André Sicre (died 1733 in Paris) was a French military engineer who also was aide-de-camp to Frederick of Hesse and often has been named as the hired assassin of King Charles XII of Sweden.

== Career ==
After being shipwrecked on the island of Chios in 1712, Sicre began to serve Charles XII in Bendery. He went with the Swedes to Stralsund and subsequently took part in the siege of that town. He was captured but managed to flee to Sweden in 1716.

Sicre was hired by Charles’s brother-in-law and generalissimus Frederick of Hesse in a Scanian cavalry regiment and eventually became Frederick’s top aide-de-camp. During King Charles’s second invasion of Norway in 1718, Sicre was in his troops at Fredriksten. Late in the evening of 30 November, Sicre was positioned in the dugout near the king.

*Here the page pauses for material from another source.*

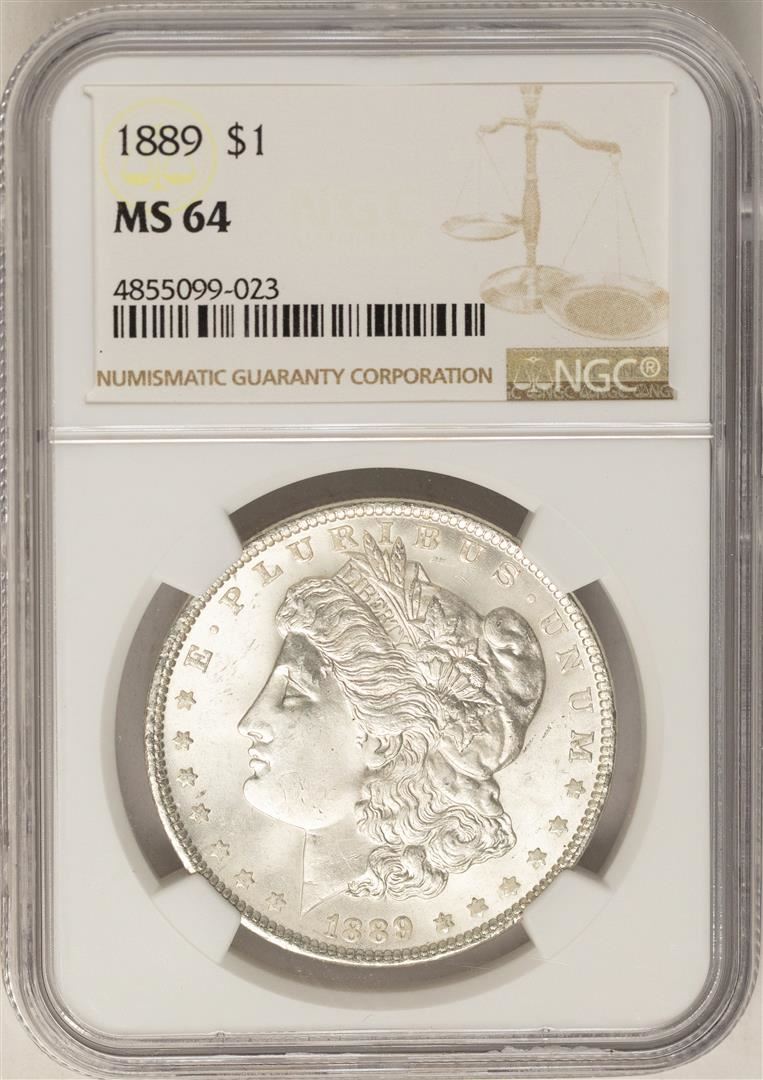 One 1889 $1 Morgan Silver Dollar Coin NGC MS64. NGC Certified.

He disappeared just before Charles was shot, but soon reappeared and placed his wig and hat over the dead king’s face, while himself donning Charles’s hat perforated by the gunshot. He then rode at once to Frederick’s command center at Torpum to announce the king’s death, and immediately rode on all the way to Stockholm to inform Ulrica Eleonora of Sweden, Charles's sister and Frederick's wife, of what had transpired at Fredriksten.

After the invasion of Norway had been called off due to Charles’s death, and Ulrica Eleonora had ascended to the Swedish throne, Frederick promoted Sicre again, but rumors of his involvement in the king’s demise made Frederick send him abroad. A Lieutenant Schultz came forward and claimed to know that Sicre had been offered a large sum of money to assassinate Charles.

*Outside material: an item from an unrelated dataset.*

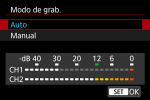 Disponible cuando [Modo de grab.] se ajusta en [Manual].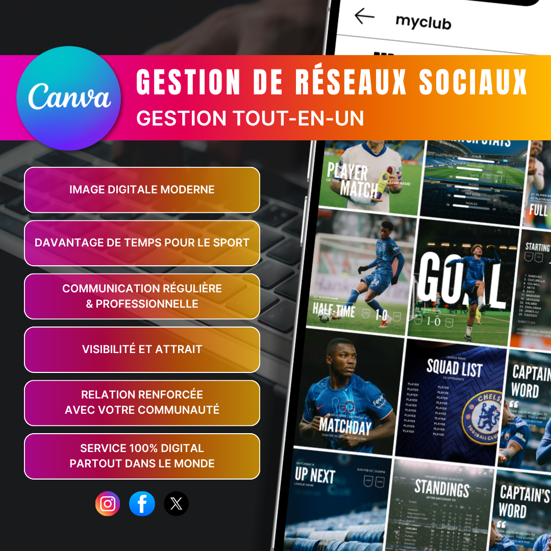 Nous créons, planifions et publions vos contenus : vous, vous jouez. Nous, on fait briller le club.

Sicre returned to Stockholm already in 1722 but then had contracted typhoid fever. In 1723, it was blamed on mental illness when he opened a window of his house and shouted to people passing below that it was he who had killed Charles. Frederick had now become King of Sweden himself and tried to put a stop to the rumors, having Sicre take back his confession, but to no avail.

By 1728 Sicre’s health had begun to improve and he moved back to France. His financial situation was very bad, and he constantly wrote to King Frederick and Queen Ulrica Eleonora who sent him money.

== Death ==
André Sicre died a poor man in Paris in 1733.

Some Swedish historians have concluded that substantial evidence points to Sicre, acting on behalf of Frederick, as the assassin of Charles XII, however acknowledging that definite proof cannot to be ascertained.